The guy fancied himself quite the cook, so when he offered to drop over a lasagna, who was I to say no? I had become best friends with half the Uber eats drivers in Sydney, so it was a ‘big yes’ to a home cooked meal.
The lasagna must have had some form of fairy dust in it because not long after that, he became my official ‘bubble buddy’. We kept it light until one time when he offered to stay the whole night and we stayed up talking for hours.
Uh-oh: we bonded. We spent the next couple of weeks in lockdown fairly glued to the hip, so when it was time to come out and mix with others again, things started to go pear shaped.
A girl he had been seeing interstate before lockdown came back into town, a guy I had been seeing at work was back within my 5km radius.
Things were grand when life was on pause, but Sydney really sped back up again post-lockdown and we were left in a very ‘it’s complicated’ status.
Safe to say, feelings got hurt, words were said, and sadly we really took the ‘friends’ out of FWB.
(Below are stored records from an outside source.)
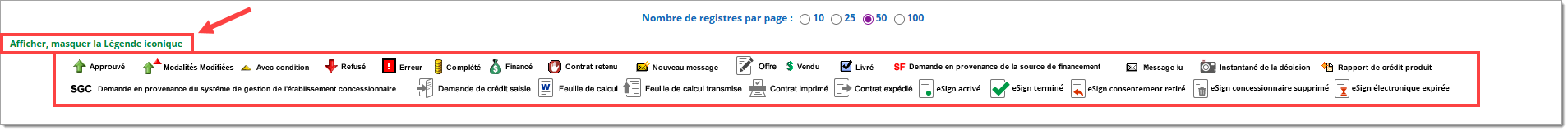 Pour afficher la légende des différents statuts de demandes de crédit et de leur signification, cliquez sur le bouton « Afficher, masquer la Légende iconique » au bas de la page. Vous connaîtrez ainsi le statut exact de la demande.
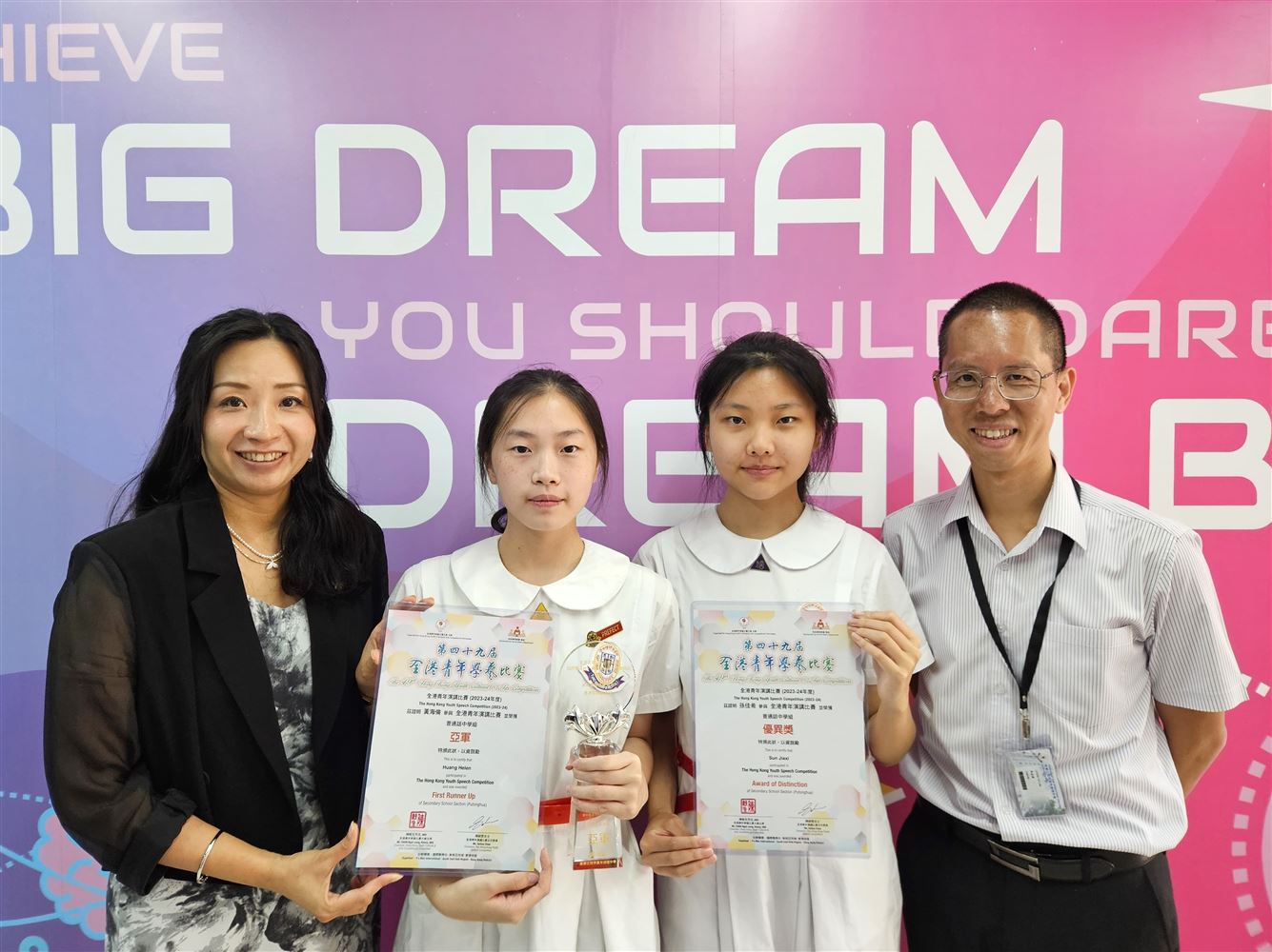 由全港青年學藝比賽大會及國際聯青社(東南亞地域香港地區)合辦的「全港青年演講比賽(2023-24)」已於日前公佈賽果,本校高中同學在是次比賽中表現出色,在眾多參賽者中脫穎而出,恭喜黃海倫同學及孫佳希同學分別獲得普通話中學組亞軍及優異獎!
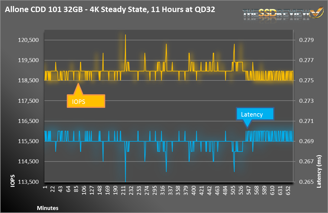 As we talked about in our Micron P400m SSD Review, SSDs have different performance states. Since the ALLONE Cloud Disk Drive 101 is an enterprise storage device, we will focus on steady state performance. With the following tests, we stressed the drive using random 4KB write workloads across the entire span for at least 24 hours. This is more than enough to achieve steady state. The following graph is showing the latency and IOPS across an 11 hour span.
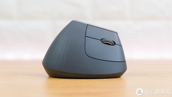 右测视角,罗技 MX Vertical 有点像一个伫立的河蚌,右上角设计着鼠标的左右键位和滚轮。侧面的手部贴合区域采用了橡胶材质,同时这里采用的是棱角分明的纹理,相比于光滑的弧面有助于提升质感,增大摩擦。
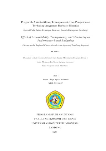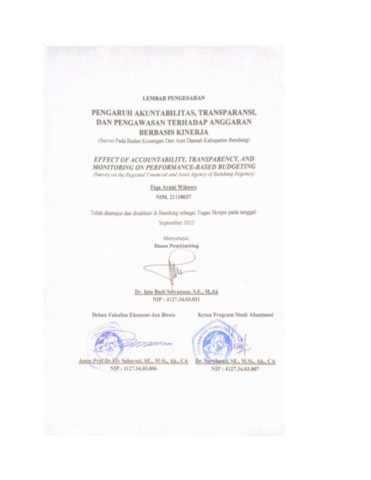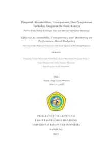Wibowo, Fiqa Ayuni (2022) Pengaruh Akuntabilitas, Transparansi, Dan Pengawasan Terhadap Anggaran Berbasis Kinerja (Survei Pada Badan Keuangan Dan Aset Daerah Kabupaten Bandung). Other thesis, Universitas Komputer Indonesia.
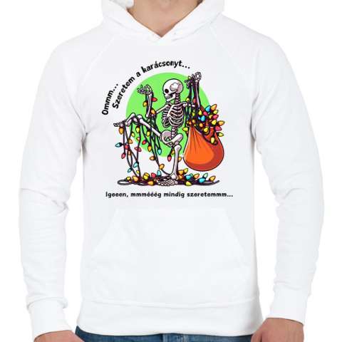 1 kép PRINTFASHION Vicces karácsonyi pulcsi / póló minta - csontváz - Férfi kapucnis pulóver - Fehér
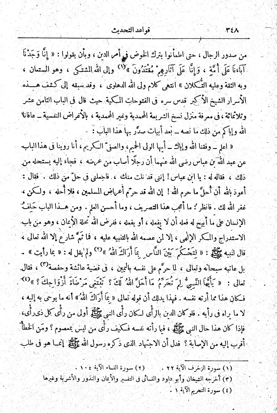 من صدور الرجال، حتى اطمأنوا بترك الخوض في أمر الدين، وبأن يقولوا: {إِنَّا وَجَدْنَا آبَاءَنَا عَلَى أُمَّةٍ وَإِنَّا عَلَى آثَارِهِمْ مُهْتَدُونَ} 1 وإلى الله المشتكى، وهو المستعان، وبه الثقة وعليه التكلان" انتهى كلام ولي الله الدهلوي، وقد سبقه إلى كشف هذه الأسرار الشيخ الأكبر قدس سره في الفتوحات المكية حيث قال في الباب الثامن عشر وثلاثمائة في معرفة منزل نسخ الشريعة المحمدية وغير المحمدية، بالأغراض النفسية -عافانا الله وإياكم من ذلك ما نصه بعد أبيات صدر بها هذا الباب:
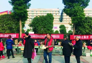 市司法局工作人员正在街头给群众宣讲法律知识
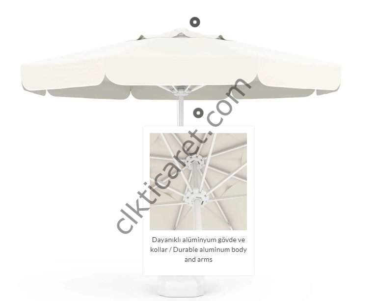 CLK 3 mt Mega İpli Yuvarlak Beyaz Profil Bahçe Cafe Otel Şemsiyeleri
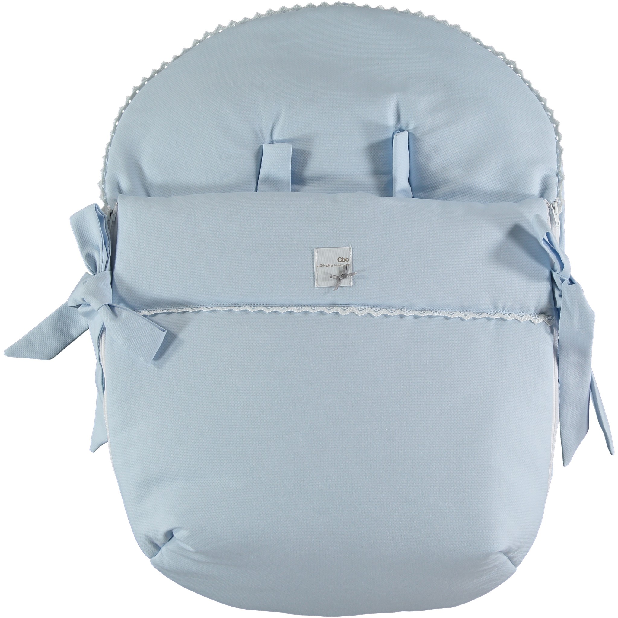Elegante Maxi Cosi hoes van het merk GBB, de hoes heeft twee sierlijke strikken aan de zijkant & is afgewerkt met een sierlijke witte bies
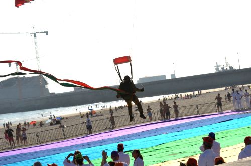 Uma outra novidade foi o voo rasante sobre a praia do avião que transportou os "Falcões Negros" que "aterraram" ao som do " We Are The Champions", dos Queen.
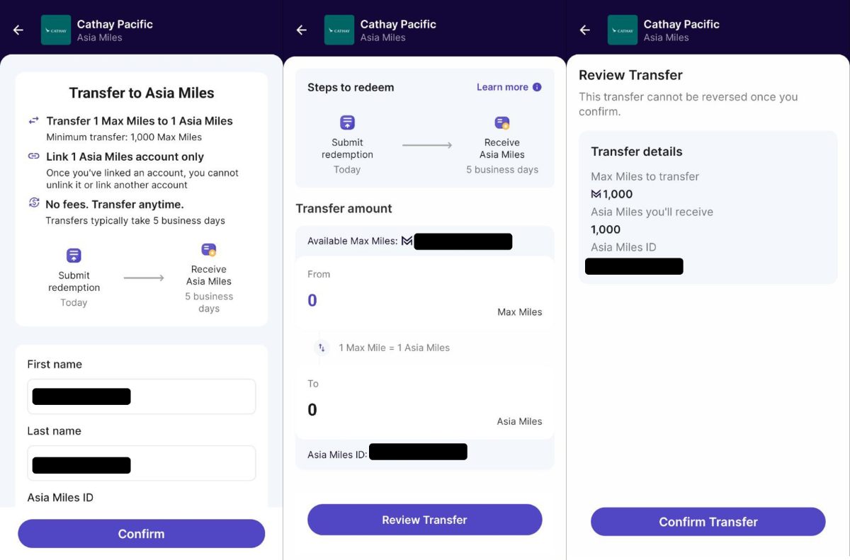 Conversions can be made via the HeyMax app. You will first be required to link your Asia Miles and HeyMax accounts, which cannot be subsequently unlinked (a security measure to prevent one HeyMax user from transferring miles to multiple accounts).
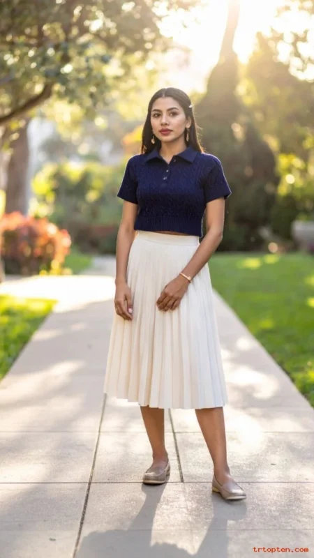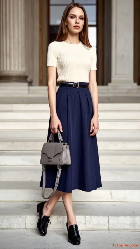 A cream blouse looks soft and refined against navy. A navy midi skirt adds structure and a timeless shape.Choose a blouse with a simple collar or a clean neckline. Pick a skirt with a smooth waistline and a gentle A-line.

Jana revealed three golden rules to ensure you don’t blur the lines between a friend with benefits and a romantic partner
So here are just a couple of things you must do to make sure the lines don’t get blurred:
1. Be upfront and completely honest
Make sure you’re both aware that this is strictly a casual thing. And check in often to make sure that’s still the case.
Lord knows an earth-shattering orgasm can really make you ponder whether this bloke could actually be husband-material. Be warned.
2. No sleepovers
There’s nothing quite as intimate as waking up next to someone. Especially if you’re in the mood for a cuddle.
All that body-warmth without the sex can make for quite the bonding experience.
3. Keep it light
No midnight chats about your deepest and darkest secrets. No calling them crying if you’re stressed out and wanting some comfort.
This is purely a physical transactional agreement. Harsh but fair.
Save all that lovely bonding business for the person that takes you on dates. They are the ones it is far safer to bond with.
Now go forth and embrace this winterly, wonderful cuffing season. May the orgasms be forever in your favour.